The climatic conditions of Iran and inadequate land management has led to accelerated land degradation, which has recently resulted in high soil erosion rates and sediment yield [
25]. Iran shows active soil erosion rates due to the land uses [
26], and climate and land management are the key factors [
27]. Many authors focused on the evaluation of the soil erosion rates to quantify them [
28]. The soil erosion studies in Iran focused on different factors and scales, from watershed scale soil erosion behavior [
29] till the control that some factors such as texture exert [
30], to gully erosion [
31], soil detachment [
32], or the use of the Universal Soil Loss Equation [
33]. Although the research on soil erosion in Iran is a key environmental issue, piping erosion is a topic which was not addressed until recently [
24] and literature about it is scarce. Although piping is relevant in Iran and other semiarid lands in the world [
14,
34,
35], there is a need to deeply understand the spatial distribution, the origin and development, and the proper management in order to prevent it. Mapping piping and researching the control that different factors exert on piping development is an ongoing challenge for today’s scientists, as Bernatek-Jakiel and Poesen [
14] highlighted in their article on the current state of the art in this field.

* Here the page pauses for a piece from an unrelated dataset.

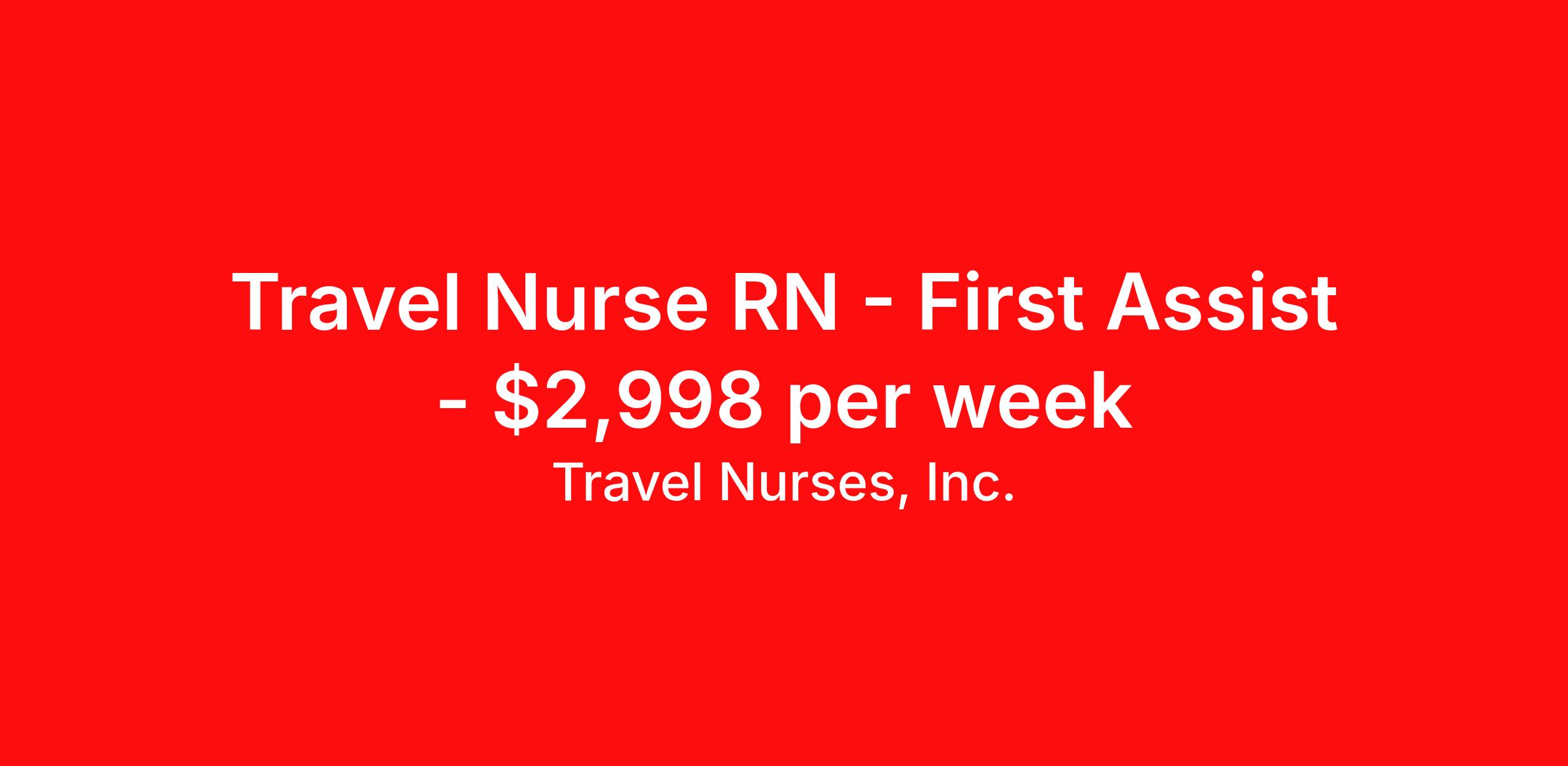 Travel Nurses, Inc. is seeking a travel nurse RN First Assist for a travel nursing job in Pittsfield, Massachusetts. Job Description & Requirements Specialty: First Assist Discipline: RN Start Date: ASAP Duration: 13 weeks 40 hours per week Shift: 8 hours Employment Type: Travel Travel Nurses, Inc. Job ID 302210. Pay package is based on 8 hour shifts and 40 hours per week (subject to confirmation) with tax-free stipend amount to be determined. Posted job title: Temp - Registered Nurse (RN) - First Assist (Days) Pittsfield, MA About Travel Nurses, Inc. Travel Nurses, Inc. is a leading healthcare staffing agency that provides healthcare professionals with opportunities to work across the country. Founded by nurses in 1988, TNI has more than 30 years of experience in the industry. The agency initially focused on staffing operating room settings in the MidSouth. However, this quickly evolved to encompass all nursing specialties and allied health fields nationwide. At the heart of our mission is a profound respect for nurses, whom we consider the cornerstone of healthcare. This acknowledgment extends beyond the nursing profession alone. Travel Nurses, Inc. now proudly embraces a wide array of healthcare professionals, recognizing their crucial roles in our collective mission. Travel Nurses, Inc. is dedicated to providing comprehensive support and opportunities that will help facilitate complete career mobility in the healthcare field. Our commitment to transparency ensures that all professionals, not just nurses, can confidently accept any assignment without financial uncertainties. We prioritize our professionals’ well-being with comprehensive benefits packages, including day-one healthcare coverage, competitive salaries, bonuses and incentives. This underscores our unwavering commitment to offering the best possible rewards and support for all the professionals we serve. Benefits Weekly pay Continuing Education 401k retirement plan Wellness and fitness programs Mileage reimbursement Referral bonus Employee assistance programs Medical benefits Dental benefits Vision benefits Benefits start day 1 License and certification reimbursement Life insurance Retention bonus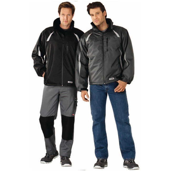Gut geschützt gegen Nässe. Atmungsaktiv, wasserdicht, 2 eingesetzte Seitentaschen mit wasserdichtem Reißverschluss, 1 Brusttasche mit wasserdichtem Reißverschluss, wasserdichter Frontreißverschluss, Bundweitenverstellung mit Kordelzug, elastische Ärmelbündchen mit Klettverschluss verstellbar, Reißverschluss am Kinn hinterlegt, abnehmbare Kapuze, Reflexapplikationen im Front-, Ärmel- und Rückenbereich, Handytasche innen, Dokumententasche innen.

All the above-mentioned constraints in the scientific research of piping can be addressed with machine learning models, which are already widely used in predicting various phenomena such as gully, landslide, and land subsidence [
31,
36]. Machine learning models have the excellent ability to identify the occurrence behavior of phenomena in terms of the use of distributed estimation algorithms, data-driven nature, and high iteration of the modeling process. In numerous investigations, different machine learning models have been used to model zoning erosion phenomena, such as support vector machine (SVM) [
37,
38,
39,
40], random forest (RF) [
31,
41,
42,
43,
44,
45,
46], naive Bayes [
42,
47], multivariate adaptive regression splines (MARS) [
41,
48,
49], artificial neural network (ANN) [
50], and logistic regression (LR) [
51,
52,
53].
The scientific community is looking for proper and comprehensive methods to create susceptibility maps. For this, we need pilot areas (representative watersheds and slopes) on which to test the new strategies to forecast piping development. Various studies have been carried out on the use of a machine learning method in mapping sensitivity and risk phenomena [
54]. In the study area, despite the extensive expansion of piping erosion and the susceptibility of the area to surface wash, no research has been conducted to determine the potential of piping erosion and the factors that cause piping formation and development. Therefore, in this study, we evaluate the factors affecting piping erosion and finally piping erosion susceptibility mapping. In this study, the performance of random forest (RF), support vector machine (SVM), and generalized linear Bayesian models (GLM Bayesian) in piping erosion hazard susceptibility using Advance Land Observatin Satellite/Phased Array type L-band Synthetic Aperture Radar (ALOS/PALSAR) digital elevation model (DEM) was evaluated.